Overstepping the line – Domestic Violence in the Chinese community

By way of introduction, as I write for Nee Hao, my name is Tiffany Wan. I am a solicitor working in Commercial Property for Edwards Duthie, a regional law firm in London. My passion for law and interest in journalism has presented me this opportunity to write on this platform to reach out a wider audience.

She came in with bruises over her arms and her lip was cut. She trembled in fear as she told me her story.
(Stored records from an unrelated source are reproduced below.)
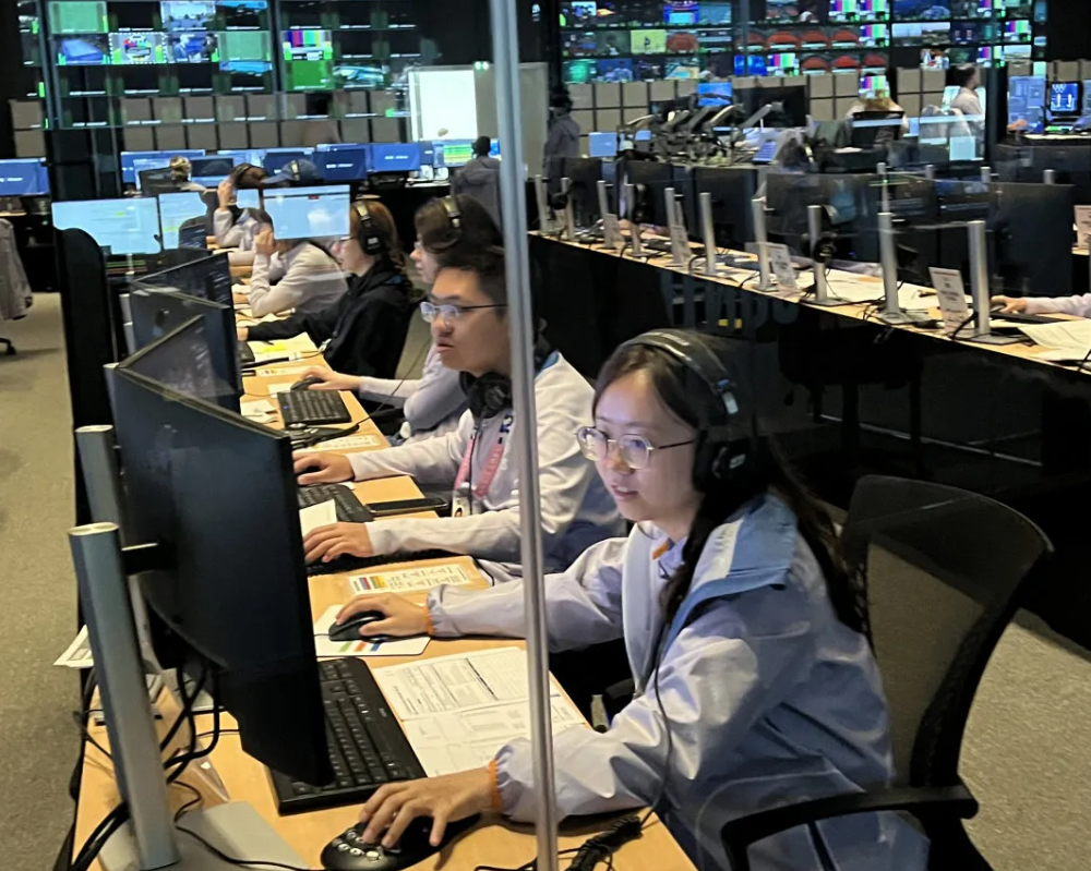 同学们在档案管理、评论员服务和技术维护等多个关键岗位上发挥重要作用。档案管理工作中,他们精准细致,确保了每一场比赛的记录和资料都得到妥善保存,为赛事的后续工作提供了坚实的数据支持;评论员服务岗位上,他们默契配合,与国际团队紧密协作,为评论员提供准确及时的信息,帮助全球观众更好地理解赛事动态;技术运行维护方面,他们以优秀的技术能力解决各种突发问题,确保了奥运会转播过程的稳定流畅,让世界各地的观众能够身临其境地体验奥运精彩瞬间。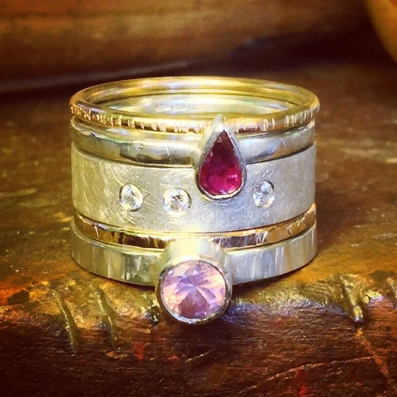 Silver and gold stacking rings set with a pear shaped vintage ruby, pink fair trade spinel and cubic zirconium.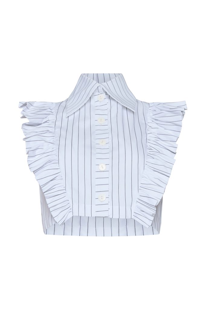 Cropped Buttom-up Shirt ST-6007 Black Stripe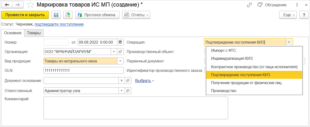 Так как КиЗ не передаются по ЭДО, то для отражения в ГИС МТ приемки меховых изделий от поставщика используется документ Приемка товаров ИС МП. Документ загружается из системы маркировки. В УПД КиЗ меховых изделий не указываются.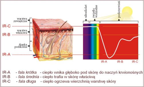 Тепло в ИК-кабине направляется непосредственно на тело. Только 20% согревает атмосферу в салоне. Тепло, идентичное тому, которое вырабатывается человеческим телом, подобное теплу солнца, из которого исключено вредное УФ-излучение.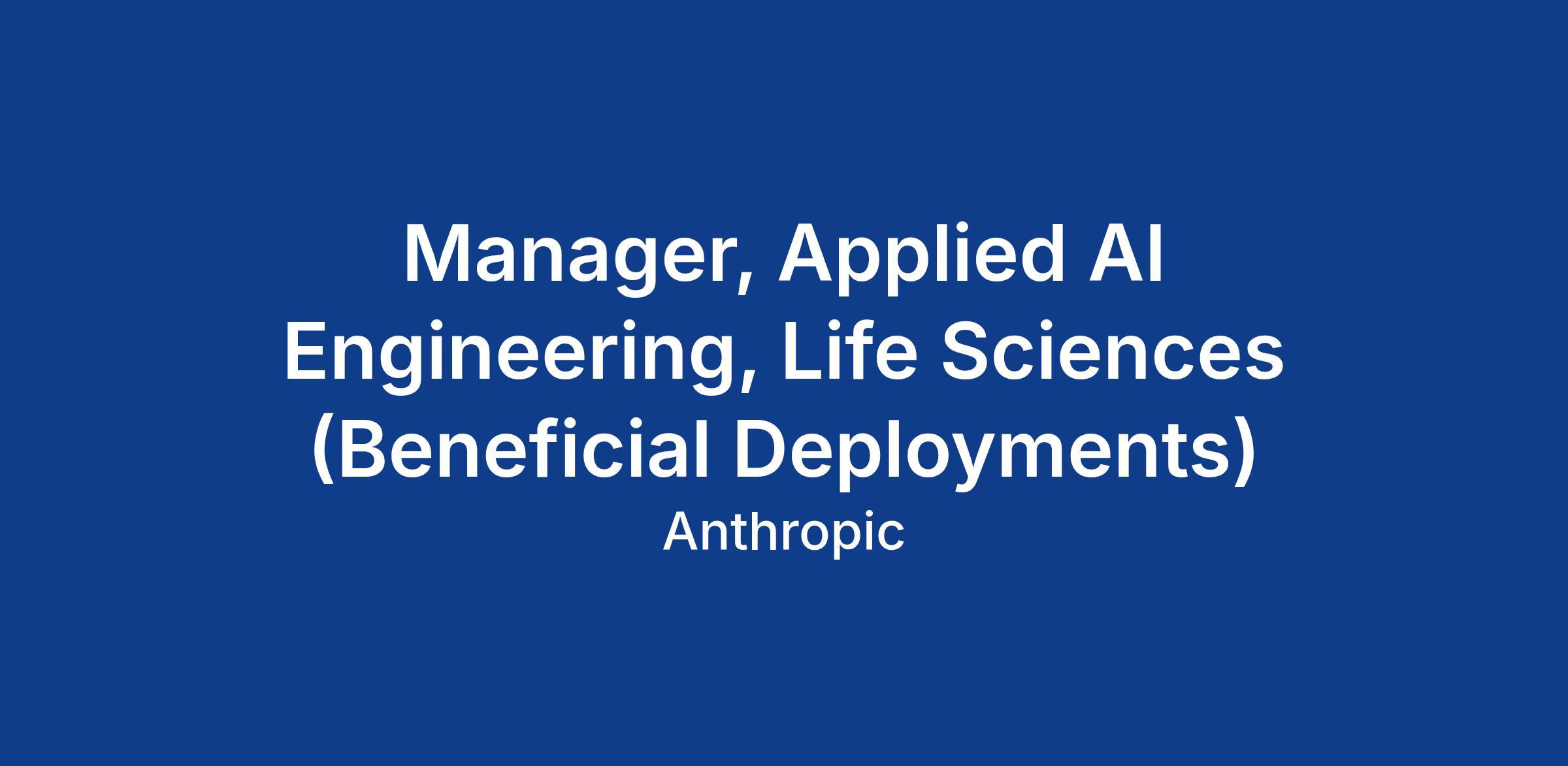 Manager, Applied AI Engineering, Life Sciences (Beneficial Deployments)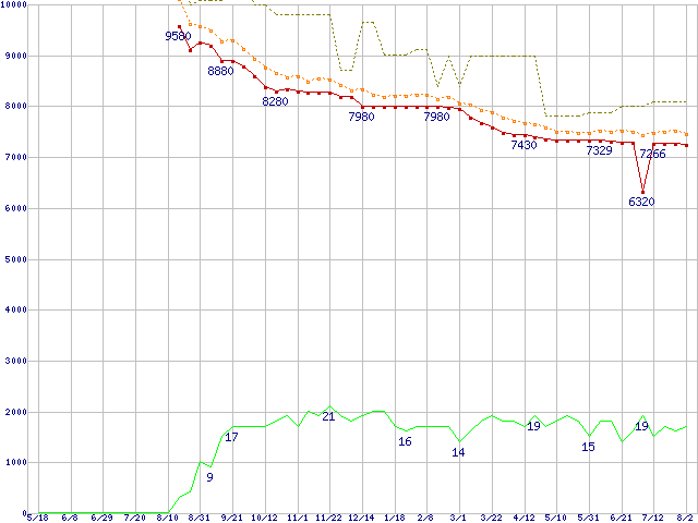 | HDT725025VLAT80 (250GB,8MB)の価格推移 | | | (2006年5月18日~2007年8月2日) |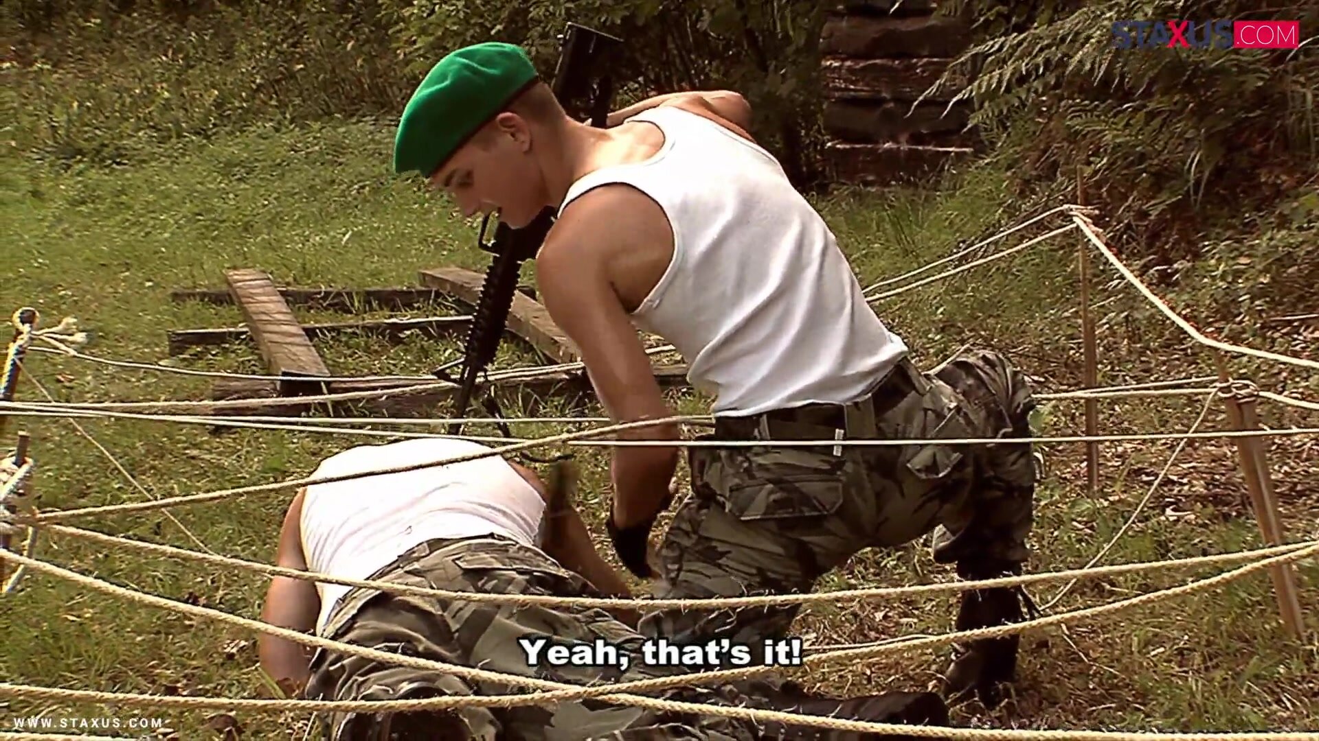 This soldier may feel sorry for him, but I bet this bottom enjoyed it! The sergeant knows how to make his soldiers keep up! After such an endeavor, it's good to rest a bit and recharge batteries. Well, I'm not sure about batteries, but it's sure this guy got his ass recharged; that's what the sergeant likes, a good tight hole to enjoy with his cock after the hard work! And if he can even get a blowjob to shoot his load... even better!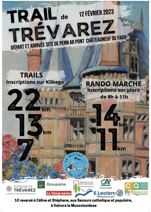 Après une traversée du Pont Du Roy, la boucle vous permettra de découvrir des sous-bois et chemins creux de la campagne châteauneuvienne, la chapelle Notre Dame des Portes, les remparts de la ville. Ensuite vous longerez l’Aulne et après quelques sentiers, ce sera la montée vers le magnifique site de Trévarez, et son Parc ; des vues uniques à profiter ! Il sera alors déjà temps d’engager la descente afin de rejoindre la ligne d’arrivée !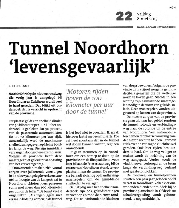 NOORDHORN: DvhN-artikel: “Tunnel ‘levensgevaarlijk’!”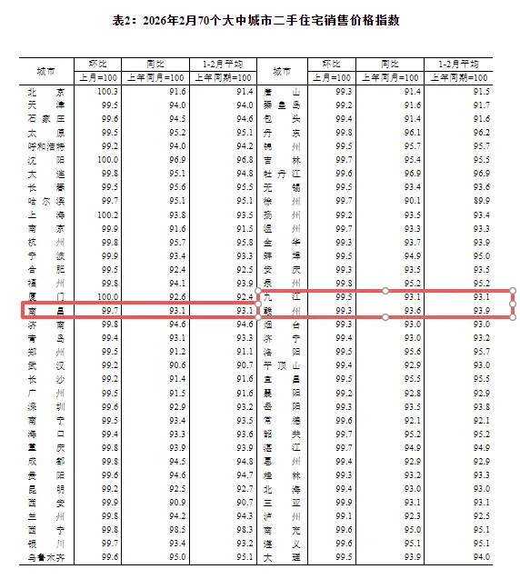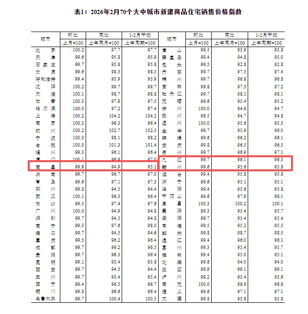 3月16日,国家统计局公布今年2月份全国70个大中城市商品住宅销售价格变动情况。江西三地新房销售价格小幅下降。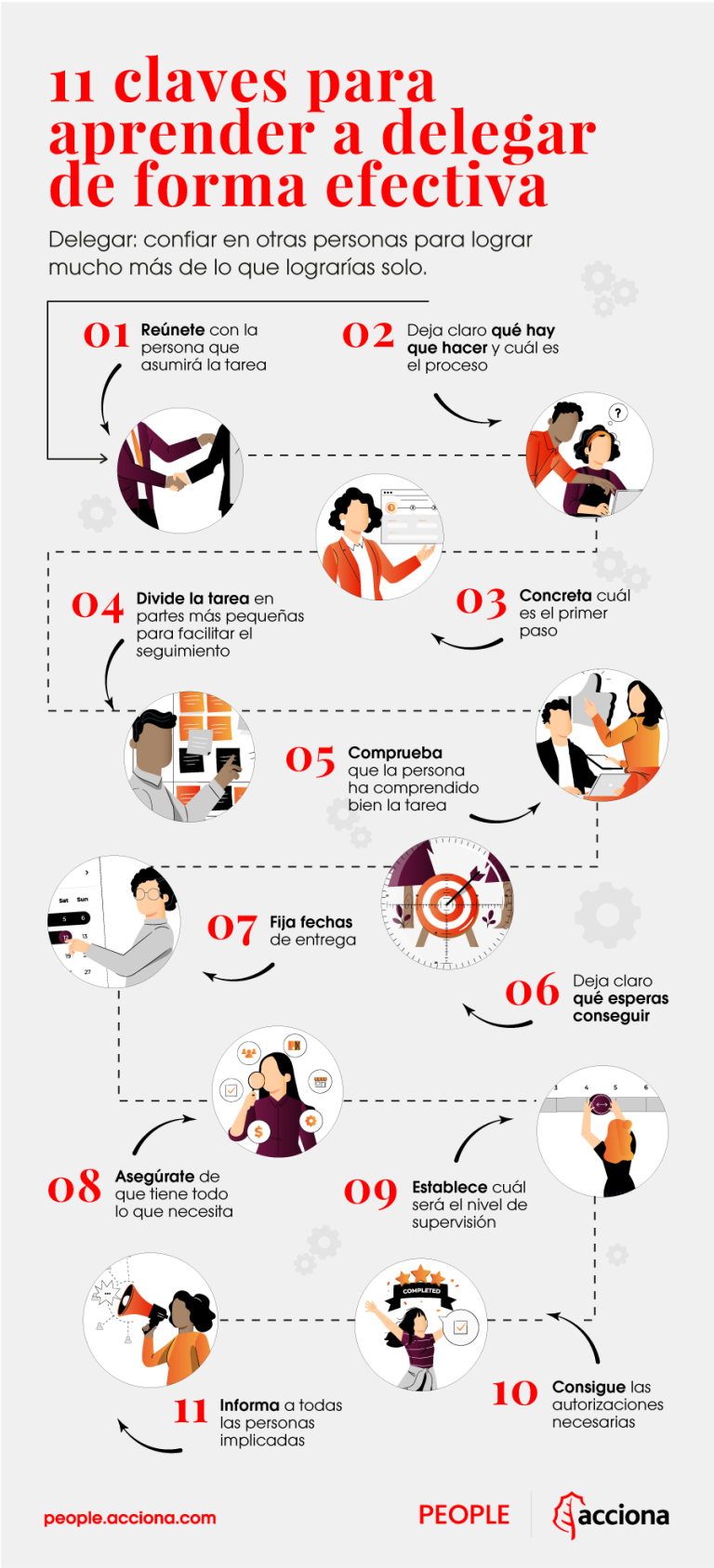 Para preparar una delegación efectiva, asegúrate de comunicar qué es lo más importante para ti, confirma que tus expectativas se han comprendido claramente y pregunta cuánto de ti van a necesitar (ya sea por formación, resolución de dudas o evaluación del trabajo). Aprender a delegar con estos principios en mente, te ayudará a garantizar que las personas adecuadas se centrarán en las tareas correctas.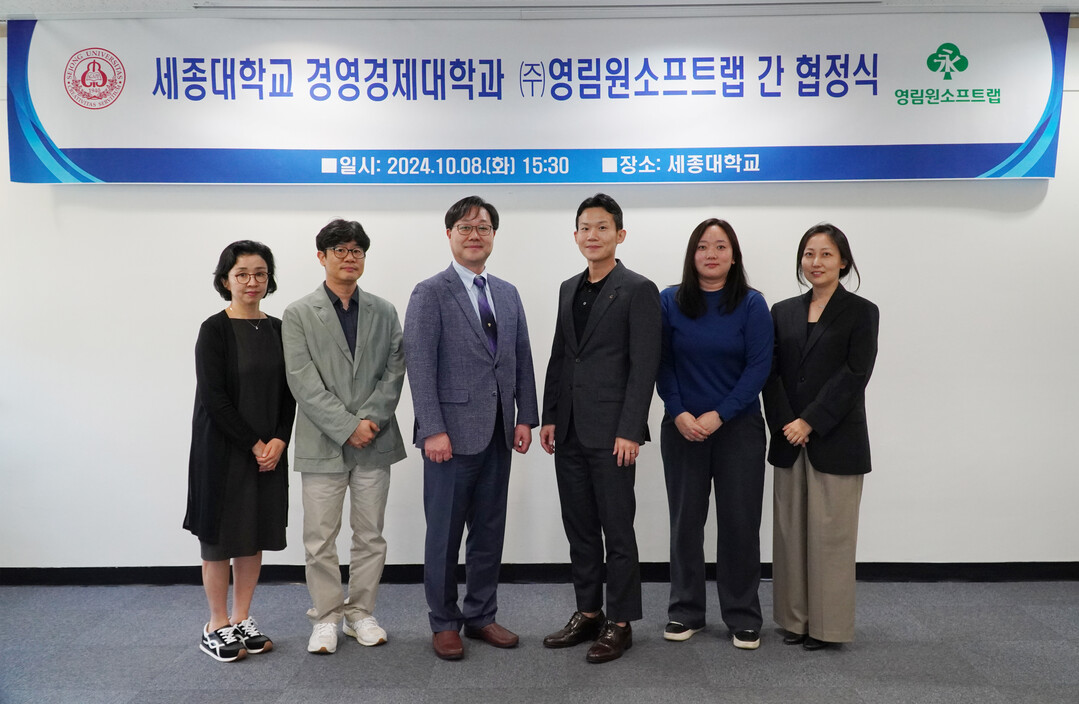 이날 협약식에는 세종대 경영경제대학 허재영 학장, 김형욱 대외협력처장, 이희수 경영학부장, 홍수정 교수, 영림원소프트랩 권오림 사업총괄, 사업개발 손민지 매니저가 참석했다.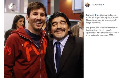 Leo Messi, "erede" di Diego: "Una giornata molto triste per tutti gli argentini e per il calcio. Ci lascia ma non se ne va, perché Diego è eterno. Conservo tutti i bei momenti vissuti con te e ho voluto cogliere l'occasione per inviare le mie condoglianze a tutta la sua famiglia e ai suoi amici".

He entered the room with no obvious signs until he lifted up his jumper to reveal multiple scratch and cigarette burn marks on his lower arm.

They are all victims of domestic violence.

This is a very serious issue and should not be overlooked in our community.

Just because you may be in a relationship with another person does not mean they can abuse their position and cause you harm.

Whether you are a victim of domestic violence or a family member or friend who knows of someone who has been abused – you should always know the options available so we can put a stop to such behaviour.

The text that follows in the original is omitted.